Introduction to the problem statement

We are given a string S consisting of English letters, digits and symbols. Our task is to find the length of the largest continuous substring from the given string in which no characters are repeated, i.e. all characters are unique.

Examples: 

Input : S= “abbcbaca”

Output : 3

Input : S= “codingninjas”

Output : 6

Brute force approach

The idea of this approach is simple: we check all the substrings of the given string and check whether it contains unique characters or repeating characters.

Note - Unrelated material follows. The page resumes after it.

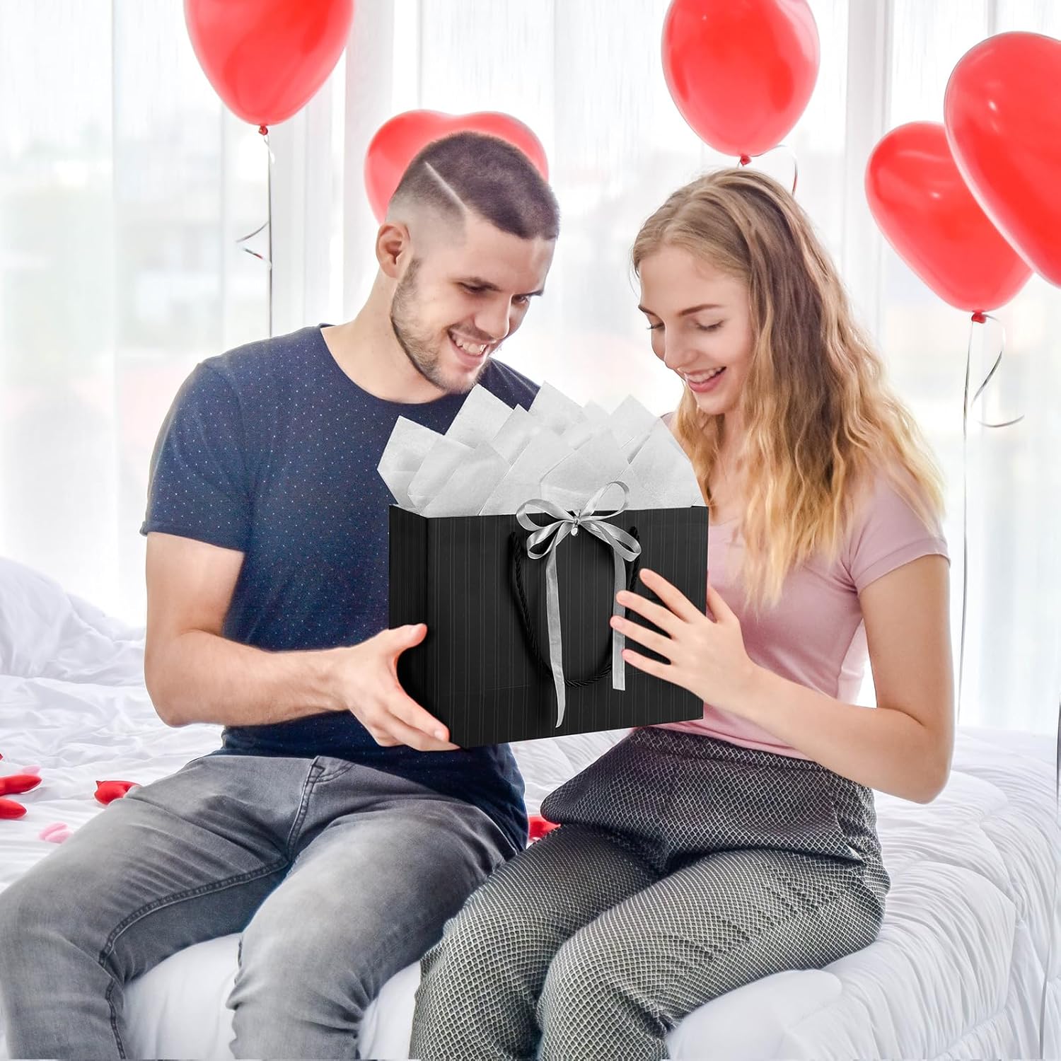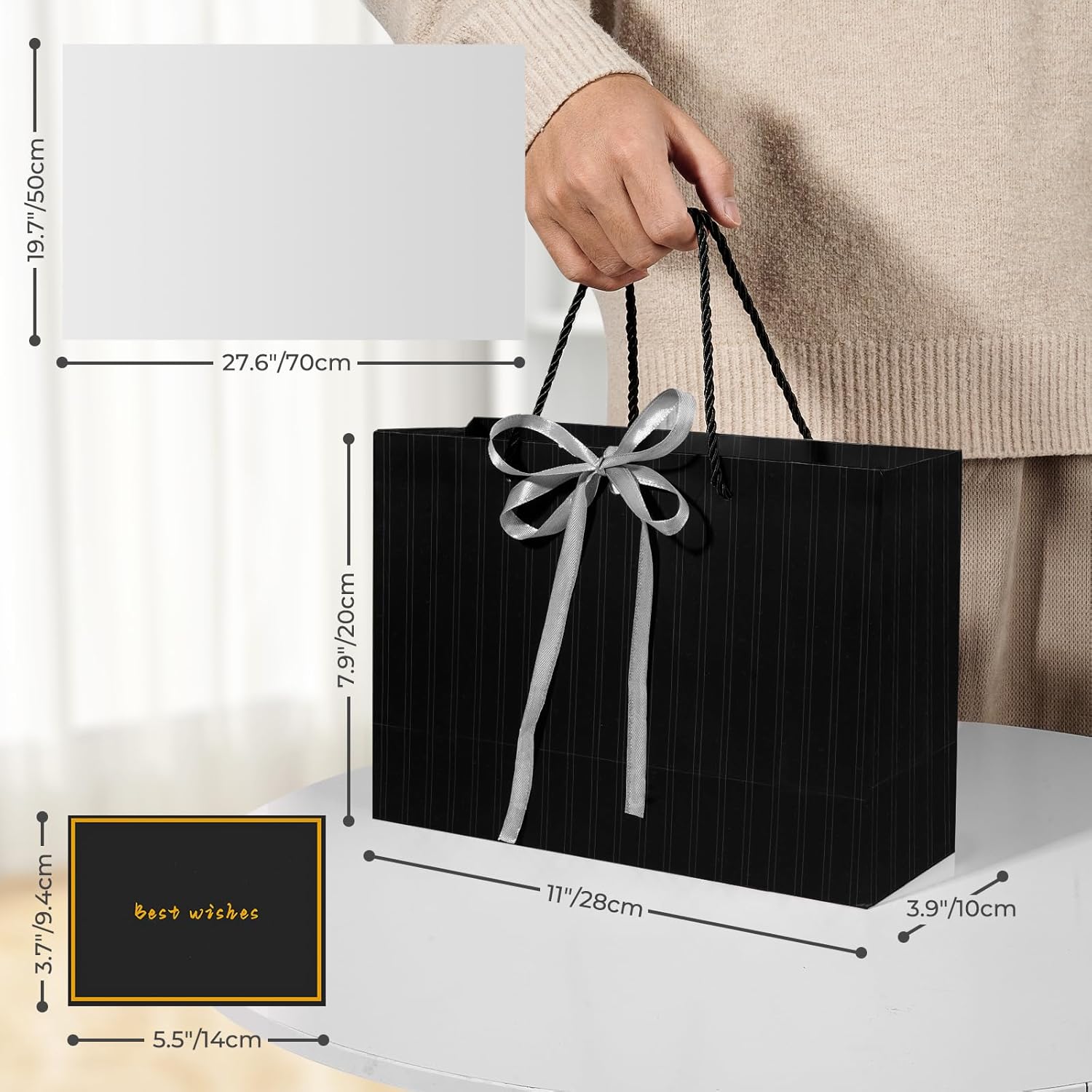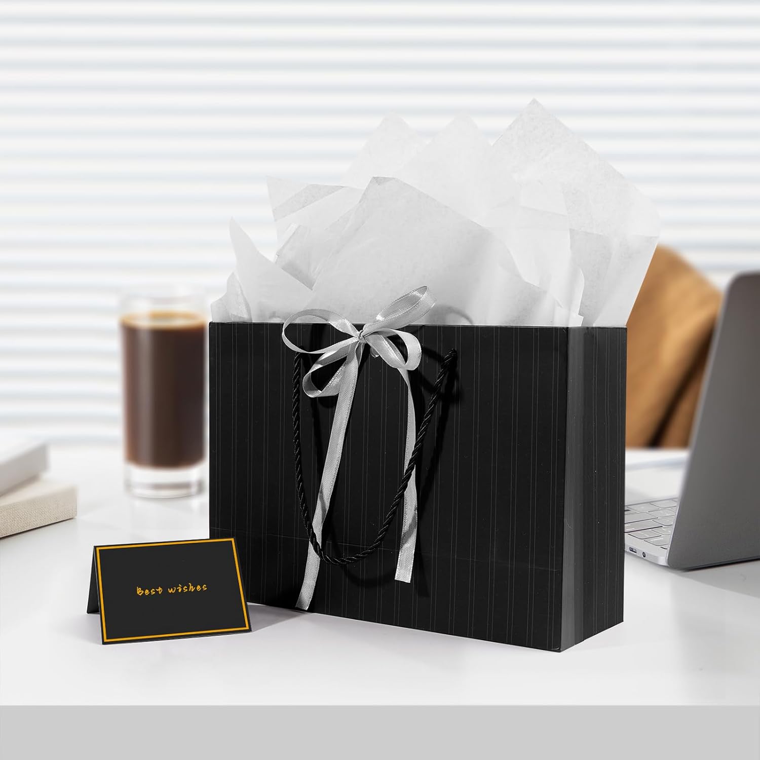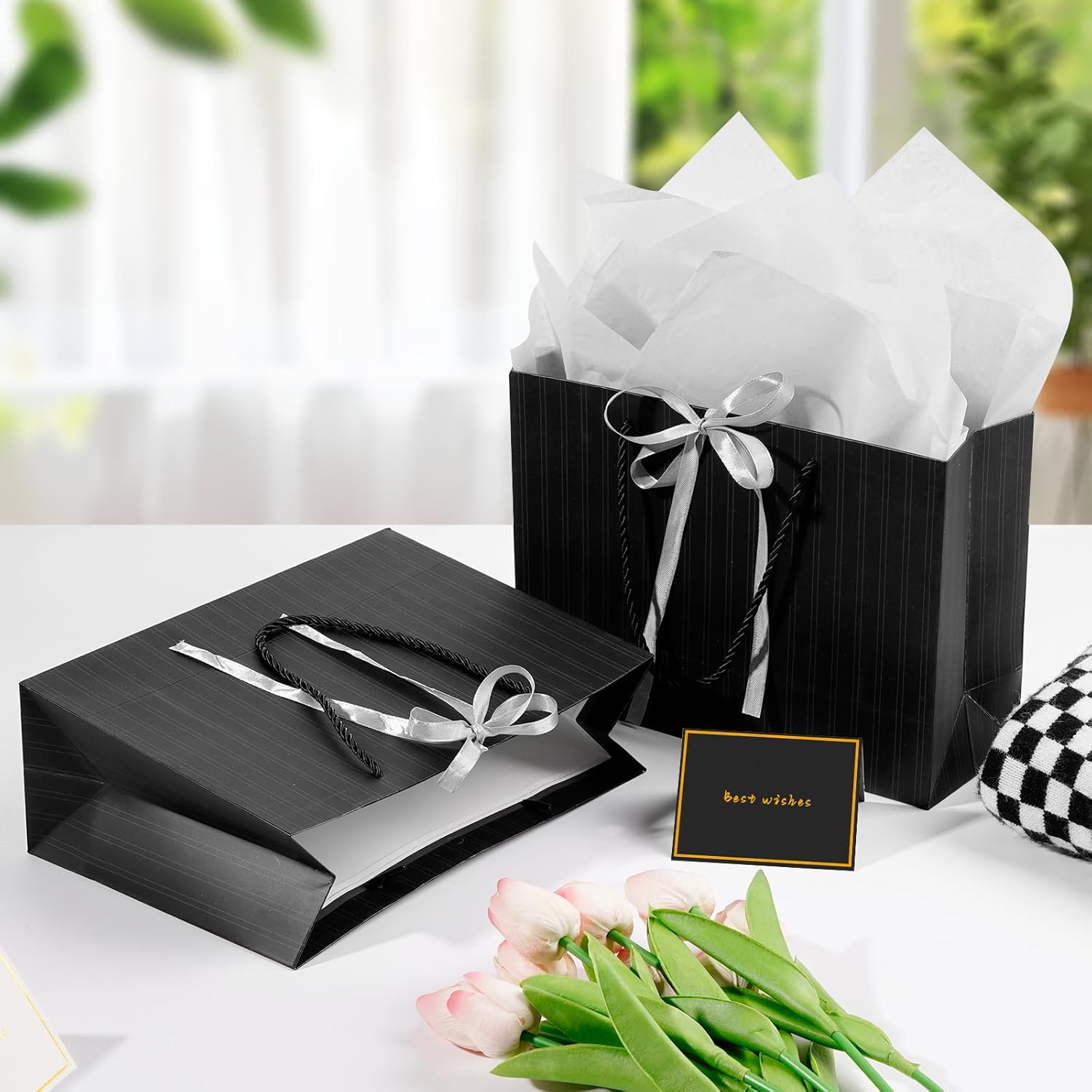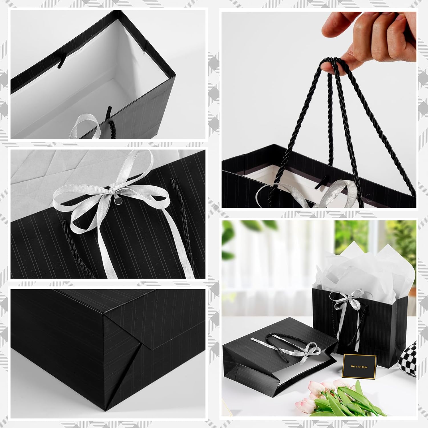 🌈 Sacchetti regalo medi per regali - Il sacchetto regalo per donna e uomo misura 28 cm (A) x 10 cm (L) x 20 cm (L), il che è perfetto per regali di medie dimensioni. Inoltre ci sono 2 veline per decorare i tuoi regali e 2 biglietti di auguri per scrivere i tuoi migliori auguri ai tuoi cari familiari o amici. DESIGN ELEGANTE: i sacchetti regalo in carta sono semplici ma in stile senior. Questa elegante borsa regalo viene fornita con un nastro per fare un nodo e dare al tuo regalo una finitura lussuosa. I sacchetti regalo compleanno in carta sono semplici ma delicati, con manici e fiocco. BUONA QUALITÀ E DUREVOLE - Questi sacchetti regalo di carta sono realizzati in cartone spesso e di alta qualità, il fondo e le maniglie hanno rinforzi aggiuntivi, durevoli e robusti, facili da trasportare e non facili da strappare. Questa è la scelta migliore per confezionare regali. Adatto a molte occasioni: con il suo design elegante, il sacchetto regalo in tinta unita può essere utilizzato per ragazzi/ragazze, bambini, donne adulte o anziani. Questi sacchetti regalo belli e resistenti forniscono un tocco di lusso in più per i tuoi regali ed eventi sociali come baby shower, matrimoni, fidanzamenti, feste di compleanno, addio al nubilato, boutique, Natale, Capodanno ecc. Il pacchetto include: Riceverai 2 sacchetti regalo con design a strisce nere, 2 buoni regalo e 2 carta velina. Ogni sacchetto regalo è accompagnato da carta velina, che aggiunge un ulteriore livello di eleganza e sorpresa quando viene scartato. È ideale per regali di medie dimensioni per anniversari, addii al nubilato, rientro a scuola, congratulazioni, damigelle d'onore, testimoni dello sposo, celebrazioni, lauree, 18°, 20°, 50° compleanno, San Valentino.

There are a total of n*(n+1)/2 substrings of a string of length n.

Steps:

  • We first declare a max_length variable and initialize it with 0.
     
  • Now, we explore all the substrings of the given string using two nested loops: 
    • Outer loop from (i=0 to n-1) and an inner loop from (j=i to n-1). The idea is to pick a starting character from the outer loop and find all the substrings starting with that character.
       
  • After that, we check whether all the characters in the substring are unique or not with the areDifferent() function.
     
  • If the areDifferent() function returns true, we update the max_length.
     
  • Finally, return the value stored in max_length.
     

Steps for areDifferent() function

  • To check whether the substrings contain unique characters or not, we create a vis[256] array (because the ASCII codes of all the characters and symbols lie in the 0-255 range) and initialize false to every index. It stores the status of all characters, whether it is visited or not.
     
  • We go through each character and check whether it is visited or not. If it is visited, we return false. If no characters are visited twice, we return true.

Code in C++

#include<bits/stdc++.h>
using namespace std;

bool areDifferent(string S, int i, int j)
{
    bool vis[256];

    for (int i = 0; i < 256; i++)
        vis[i] = false;

    for (int k = i; k <= j; k++)
    {
        if (vis[S[k]] == true)
            return false;
        vis[S[k]] = true;
    }

    return true;

}

int longestSubstr(string S)
{
    int max_length = 0;

    int n = S.length();

    for (int i = 0; i < n; i++)
    {
        for (int j = i; j < n; j++)
        {
            if (areDifferent(S, i, j))
                max_length = max(max_length, j - i + 1);
        }
    }

    return max_length;
}
int main()
{
    string S;
    cin >> S;
    cout << longestSubstr(S) << endl;
    return 0;
}

 

Input

codingninjas

 

Output

6

Complexity Analysis

Time Complexity

We are using two nested loops and an areDifferent() function inside it, so the overall complexity becomes O(n2)*O(n) = O(n3)

Space complexity

It is O(1) as we are using a constant size of vis[] array and some variables.

Sliding window approach

We can further optimise the above solution because, during the loop, if substring S[i to j-1] is already checked, then for substring S[i to j], we only need to check whether S[j] is present in the substring S[i to j-1] or not.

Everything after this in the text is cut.